Top of Data shown

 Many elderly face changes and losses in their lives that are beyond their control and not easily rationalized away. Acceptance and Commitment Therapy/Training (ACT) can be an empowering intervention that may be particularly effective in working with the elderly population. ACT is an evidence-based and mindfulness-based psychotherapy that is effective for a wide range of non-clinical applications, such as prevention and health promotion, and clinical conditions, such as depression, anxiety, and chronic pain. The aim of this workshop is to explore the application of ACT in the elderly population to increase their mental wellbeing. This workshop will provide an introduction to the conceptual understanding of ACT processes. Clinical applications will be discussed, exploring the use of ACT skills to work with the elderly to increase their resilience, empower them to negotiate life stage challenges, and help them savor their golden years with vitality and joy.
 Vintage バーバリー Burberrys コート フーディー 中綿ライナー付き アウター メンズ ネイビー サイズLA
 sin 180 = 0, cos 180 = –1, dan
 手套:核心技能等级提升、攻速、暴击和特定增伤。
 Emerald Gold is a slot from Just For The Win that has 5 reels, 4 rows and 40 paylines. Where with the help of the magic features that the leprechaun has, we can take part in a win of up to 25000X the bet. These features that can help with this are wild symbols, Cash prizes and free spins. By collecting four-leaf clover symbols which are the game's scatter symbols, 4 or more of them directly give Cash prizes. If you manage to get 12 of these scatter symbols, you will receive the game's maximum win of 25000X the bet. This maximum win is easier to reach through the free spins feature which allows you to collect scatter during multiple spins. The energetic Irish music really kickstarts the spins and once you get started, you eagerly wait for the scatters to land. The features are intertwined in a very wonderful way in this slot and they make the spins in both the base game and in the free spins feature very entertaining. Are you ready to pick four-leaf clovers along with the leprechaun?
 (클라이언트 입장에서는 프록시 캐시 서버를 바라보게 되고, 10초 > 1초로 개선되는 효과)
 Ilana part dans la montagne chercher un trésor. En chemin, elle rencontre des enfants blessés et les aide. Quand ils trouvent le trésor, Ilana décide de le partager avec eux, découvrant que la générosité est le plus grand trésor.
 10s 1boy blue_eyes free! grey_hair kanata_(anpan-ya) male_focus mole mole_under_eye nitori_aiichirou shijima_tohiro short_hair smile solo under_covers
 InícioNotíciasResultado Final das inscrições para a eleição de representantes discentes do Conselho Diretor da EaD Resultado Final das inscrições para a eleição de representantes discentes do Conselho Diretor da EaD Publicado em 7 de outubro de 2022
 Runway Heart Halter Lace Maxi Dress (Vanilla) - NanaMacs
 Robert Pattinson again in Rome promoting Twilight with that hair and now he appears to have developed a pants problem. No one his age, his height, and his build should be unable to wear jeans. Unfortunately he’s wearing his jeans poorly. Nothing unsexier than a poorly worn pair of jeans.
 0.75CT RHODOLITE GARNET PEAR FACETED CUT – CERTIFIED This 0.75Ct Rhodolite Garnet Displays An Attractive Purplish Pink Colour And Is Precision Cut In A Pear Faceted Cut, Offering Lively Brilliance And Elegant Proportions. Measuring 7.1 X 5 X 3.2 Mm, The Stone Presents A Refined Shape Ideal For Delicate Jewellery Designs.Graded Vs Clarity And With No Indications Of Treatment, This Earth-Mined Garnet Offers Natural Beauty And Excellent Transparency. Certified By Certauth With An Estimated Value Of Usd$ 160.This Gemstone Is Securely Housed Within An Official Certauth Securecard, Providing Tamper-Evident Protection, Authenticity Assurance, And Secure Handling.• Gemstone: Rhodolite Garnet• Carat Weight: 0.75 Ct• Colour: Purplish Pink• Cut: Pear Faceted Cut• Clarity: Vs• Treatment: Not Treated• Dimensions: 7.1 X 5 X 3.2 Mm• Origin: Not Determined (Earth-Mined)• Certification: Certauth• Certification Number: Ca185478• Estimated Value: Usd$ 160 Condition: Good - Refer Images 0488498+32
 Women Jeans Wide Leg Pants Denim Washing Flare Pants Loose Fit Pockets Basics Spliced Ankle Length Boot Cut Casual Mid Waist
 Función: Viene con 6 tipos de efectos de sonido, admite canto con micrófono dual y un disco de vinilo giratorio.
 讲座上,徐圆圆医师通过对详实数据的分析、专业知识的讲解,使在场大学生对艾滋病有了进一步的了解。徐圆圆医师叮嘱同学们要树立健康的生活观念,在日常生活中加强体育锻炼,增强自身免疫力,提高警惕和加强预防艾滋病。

Bottom of Data shown

Each line above that carries the string "free" has to be returned.

> [Solution to this task]
 Emerald Gold is a slot from Just For The Win that has 5 reels, 4 rows and 40 paylines. Where with the help of the magic features that the leprechaun has, we can take part in a win of up to 25000X the bet. These features that can help with this are wild symbols, Cash prizes and free spins. By collecting four-leaf clover symbols which are the game's scatter symbols, 4 or more of them directly give Cash prizes. If you manage to get 12 of these scatter symbols, you will receive the game's maximum win of 25000X the bet. This maximum win is easier to reach through the free spins feature which allows you to collect scatter during multiple spins. The energetic Irish music really kickstarts the spins and once you get started, you eagerly wait for the scatters to land. The features are intertwined in a very wonderful way in this slot and they make the spins in both the base game and in the free spins feature very entertaining. Are you ready to pick four-leaf clovers along with the leprechaun?
 10s 1boy blue_eyes free! grey_hair kanata_(anpan-ya) male_focus mole mole_under_eye nitori_aiichirou shijima_tohiro short_hair smile solo under_covers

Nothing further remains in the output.